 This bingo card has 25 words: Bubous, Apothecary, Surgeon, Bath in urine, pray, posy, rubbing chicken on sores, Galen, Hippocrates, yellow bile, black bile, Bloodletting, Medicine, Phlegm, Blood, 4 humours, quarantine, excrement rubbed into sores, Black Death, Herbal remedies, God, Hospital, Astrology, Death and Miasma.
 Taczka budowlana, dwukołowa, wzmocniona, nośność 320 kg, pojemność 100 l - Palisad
--*--
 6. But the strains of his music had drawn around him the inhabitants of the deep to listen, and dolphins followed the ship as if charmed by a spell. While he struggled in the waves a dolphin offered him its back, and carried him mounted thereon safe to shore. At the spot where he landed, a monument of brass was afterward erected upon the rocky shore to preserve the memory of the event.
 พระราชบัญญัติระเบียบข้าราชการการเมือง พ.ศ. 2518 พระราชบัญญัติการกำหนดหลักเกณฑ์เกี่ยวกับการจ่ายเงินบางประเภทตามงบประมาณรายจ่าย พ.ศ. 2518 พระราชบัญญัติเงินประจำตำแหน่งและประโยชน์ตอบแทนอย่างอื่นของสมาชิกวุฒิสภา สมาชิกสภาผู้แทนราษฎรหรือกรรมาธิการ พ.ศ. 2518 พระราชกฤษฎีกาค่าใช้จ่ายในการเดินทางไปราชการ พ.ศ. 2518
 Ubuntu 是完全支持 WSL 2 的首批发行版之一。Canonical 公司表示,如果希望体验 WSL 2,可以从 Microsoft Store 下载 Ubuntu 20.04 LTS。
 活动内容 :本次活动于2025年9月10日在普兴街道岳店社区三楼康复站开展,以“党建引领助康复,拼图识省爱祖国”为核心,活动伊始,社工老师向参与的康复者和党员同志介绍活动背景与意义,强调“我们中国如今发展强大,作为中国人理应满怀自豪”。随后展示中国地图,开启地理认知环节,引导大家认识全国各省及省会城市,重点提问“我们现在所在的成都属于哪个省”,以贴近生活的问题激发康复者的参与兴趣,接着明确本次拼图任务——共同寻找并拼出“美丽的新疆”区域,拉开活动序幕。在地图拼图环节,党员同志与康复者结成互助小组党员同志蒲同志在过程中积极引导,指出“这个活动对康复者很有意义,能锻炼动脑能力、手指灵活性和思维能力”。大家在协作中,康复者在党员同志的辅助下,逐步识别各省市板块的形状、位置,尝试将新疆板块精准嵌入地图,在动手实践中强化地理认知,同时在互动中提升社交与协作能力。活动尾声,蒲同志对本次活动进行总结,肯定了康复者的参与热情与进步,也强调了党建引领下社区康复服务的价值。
--*--
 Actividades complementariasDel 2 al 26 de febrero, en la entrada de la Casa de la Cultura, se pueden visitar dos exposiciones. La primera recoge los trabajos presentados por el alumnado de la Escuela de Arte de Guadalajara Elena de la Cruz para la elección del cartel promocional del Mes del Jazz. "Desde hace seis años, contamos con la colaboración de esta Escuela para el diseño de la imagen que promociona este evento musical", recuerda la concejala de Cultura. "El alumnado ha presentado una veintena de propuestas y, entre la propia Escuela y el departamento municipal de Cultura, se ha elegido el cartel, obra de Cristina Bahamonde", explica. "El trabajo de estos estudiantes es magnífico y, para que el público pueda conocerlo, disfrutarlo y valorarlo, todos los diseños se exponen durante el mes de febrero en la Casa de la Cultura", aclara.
--*--
* **Task statement**
An exact, complete copy of the lines above from the one with "พระราชบัญญัติระเบียบข้าราชการการเมือง พ.ศ. 2518" through the one with "活动内容 :本次活动于202" is the whole answer.

* **Written response**
 พระราชบัญญัติระเบียบข้าราชการการเมือง พ.ศ. 2518 พระราชบัญญัติการกำหนดหลักเกณฑ์เกี่ยวกับการจ่ายเงินบางประเภทตามงบประมาณรายจ่าย พ.ศ. 2518 พระราชบัญญัติเงินประจำตำแหน่งและประโยชน์ตอบแทนอย่างอื่นของสมาชิกวุฒิสภา สมาชิกสภาผู้แทนราษฎรหรือกรรมาธิการ พ.ศ. 2518 พระราชกฤษฎีกาค่าใช้จ่ายในการเดินทางไปราชการ พ.ศ. 2518
 Ubuntu 是完全支持 WSL 2 的首批发行版之一。Canonical 公司表示,如果希望体验 WSL 2,可以从 Microsoft Store 下载 Ubuntu 20.04 LTS。
 活动内容 :本次活动于2025年9月10日在普兴街道岳店社区三楼康复站开展,以“党建引领助康复,拼图识省爱祖国”为核心,活动伊始,社工老师向参与的康复者和党员同志介绍活动背景与意义,强调“我们中国如今发展强大,作为中国人理应满怀自豪”。随后展示中国地图,开启地理认知环节,引导大家认识全国各省及省会城市,重点提问“我们现在所在的成都属于哪个省”,以贴近生活的问题激发康复者的参与兴趣,接着明确本次拼图任务——共同寻找并拼出“美丽的新疆”区域,拉开活动序幕。在地图拼图环节,党员同志与康复者结成互助小组党员同志蒲同志在过程中积极引导,指出“这个活动对康复者很有意义,能锻炼动脑能力、手指灵活性和思维能力”。大家在协作中,康复者在党员同志的辅助下,逐步识别各省市板块的形状、位置,尝试将新疆板块精准嵌入地图,在动手实践中强化地理认知,同时在互动中提升社交与协作能力。活动尾声,蒲同志对本次活动进行总结,肯定了康复者的参与热情与进步,也强调了党建引领下社区康复服务的价值。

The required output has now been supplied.